TO DO ▸
Would you retype exactly the lines below, starting with the one that has "Advertising is the" and going on through the one that has "Cute uśmiechnięta dziewczyna", with no pictures and nothing else?

AVAILABLE RECORDS ▸
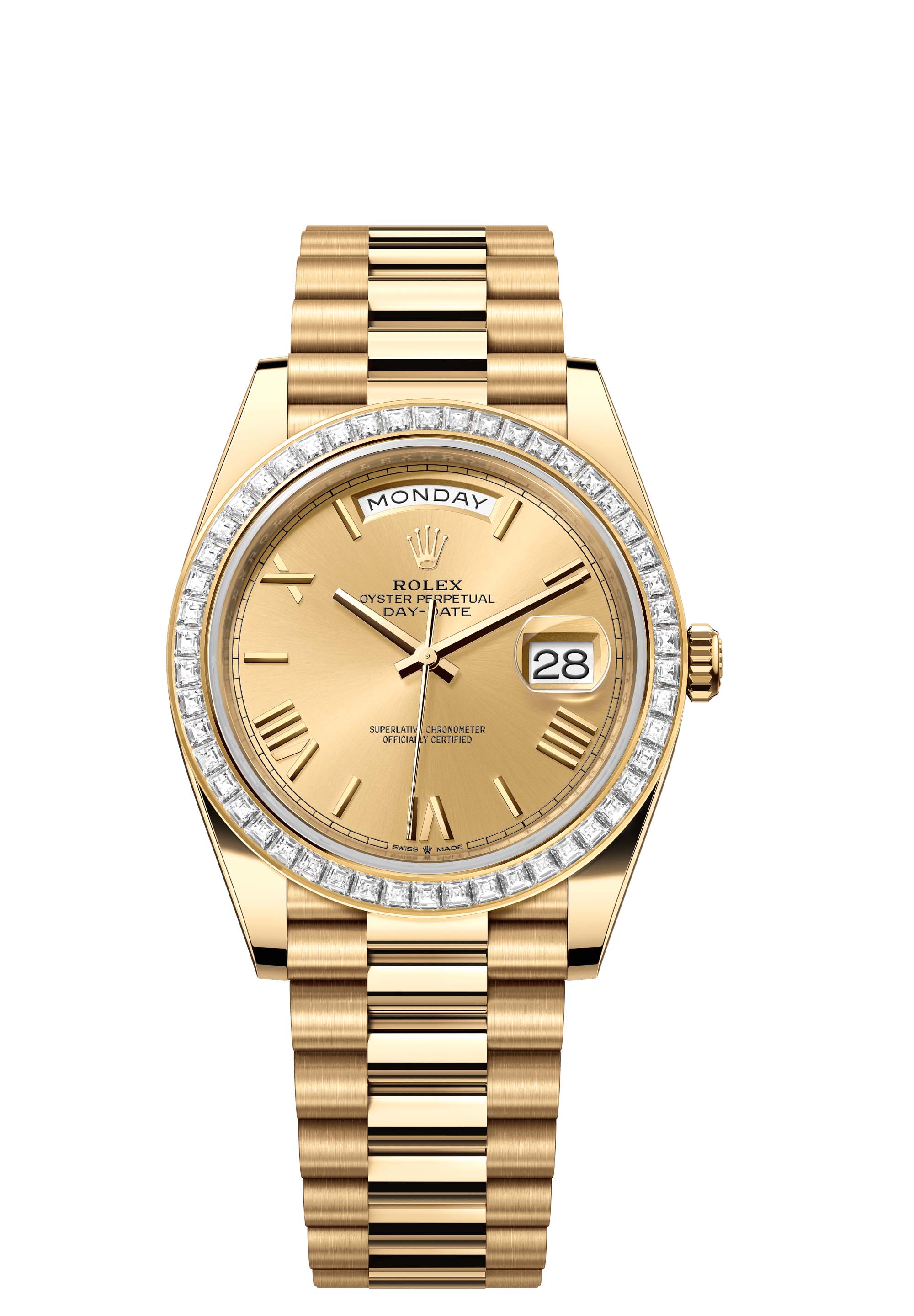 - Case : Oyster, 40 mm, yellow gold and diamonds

...

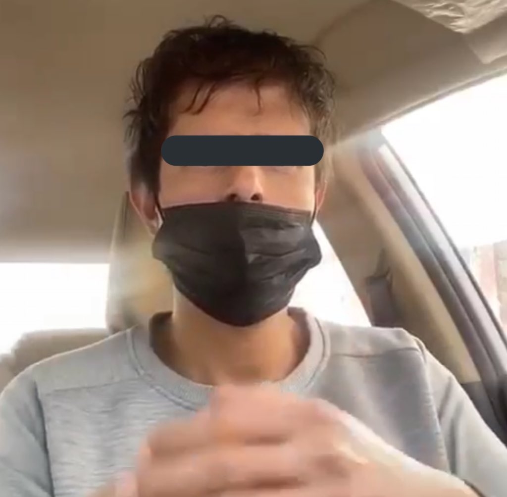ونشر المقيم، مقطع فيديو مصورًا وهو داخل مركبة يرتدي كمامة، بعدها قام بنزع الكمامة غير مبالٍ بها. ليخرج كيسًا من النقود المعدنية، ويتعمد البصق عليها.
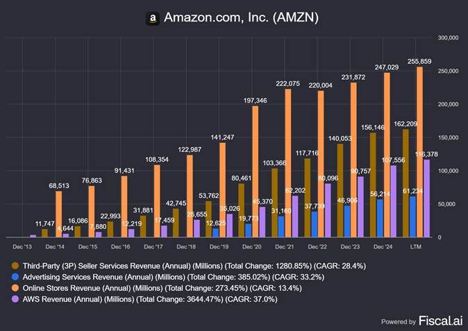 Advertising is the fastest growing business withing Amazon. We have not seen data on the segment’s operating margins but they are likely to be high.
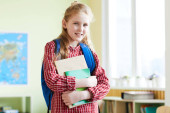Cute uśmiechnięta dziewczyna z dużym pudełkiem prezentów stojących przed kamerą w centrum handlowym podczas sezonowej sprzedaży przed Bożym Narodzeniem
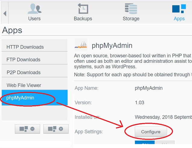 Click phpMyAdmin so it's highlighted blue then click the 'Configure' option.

EXPECTED ANSWER ▸
 Advertising is the fastest growing business withing Amazon. We have not seen data on the segment’s operating margins but they are likely to be high.
Cute uśmiechnięta dziewczyna z dużym pudełkiem prezentów stojących przed kamerą w centrum handlowym podczas sezonowej sprzedaży przed Bożym Narodzeniem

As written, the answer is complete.